→ **TASK**
In the entries below, which lines run from the one with "大粒のオーバル型パールと小粒のパールを贅沢にあしらったオーバルイヤリング。" through the one with "Johanna Ortiz Contorno"? Repeat exactly those, both included, and no pictures.

─── DATA UNDER STUDY

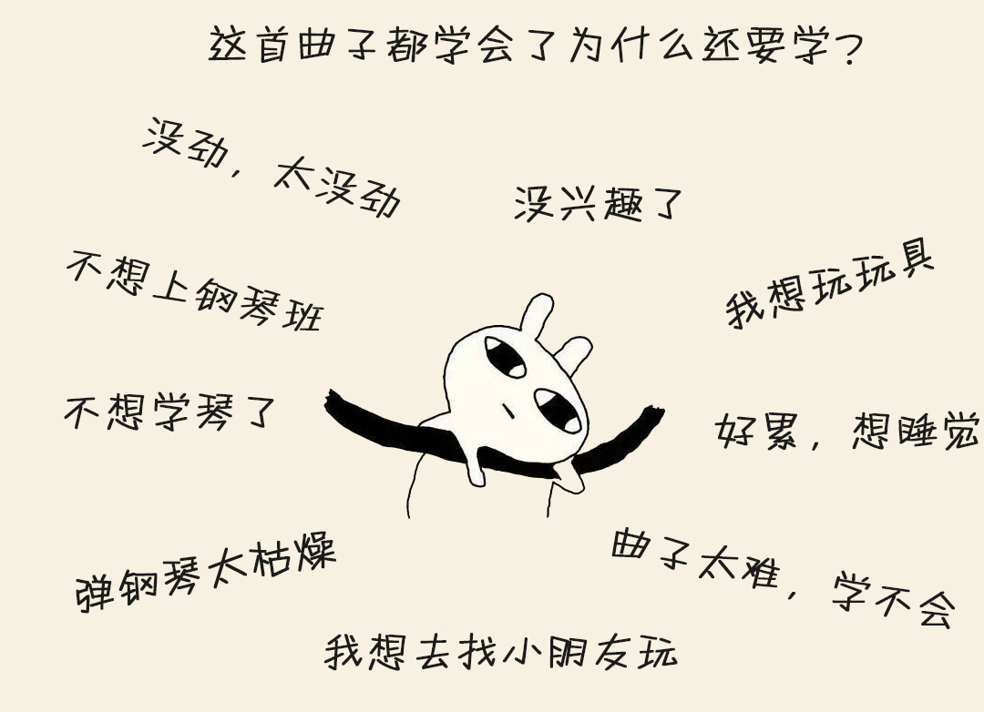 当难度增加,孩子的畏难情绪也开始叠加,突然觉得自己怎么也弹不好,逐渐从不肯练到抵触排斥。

──────
─── DATA UNDER STUDY

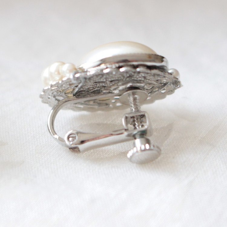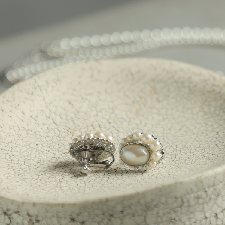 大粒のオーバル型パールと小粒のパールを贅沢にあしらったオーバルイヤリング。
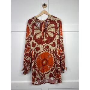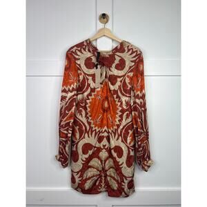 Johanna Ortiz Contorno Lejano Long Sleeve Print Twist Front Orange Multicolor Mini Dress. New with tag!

──────

→ **SOLUTION TO THIS PROBLEM**
 大粒のオーバル型パールと小粒のパールを贅沢にあしらったオーバルイヤリング。
 Johanna Ortiz Contorno Lejano Long Sleeve Print Twist Front Orange Multicolor Mini Dress. New with tag!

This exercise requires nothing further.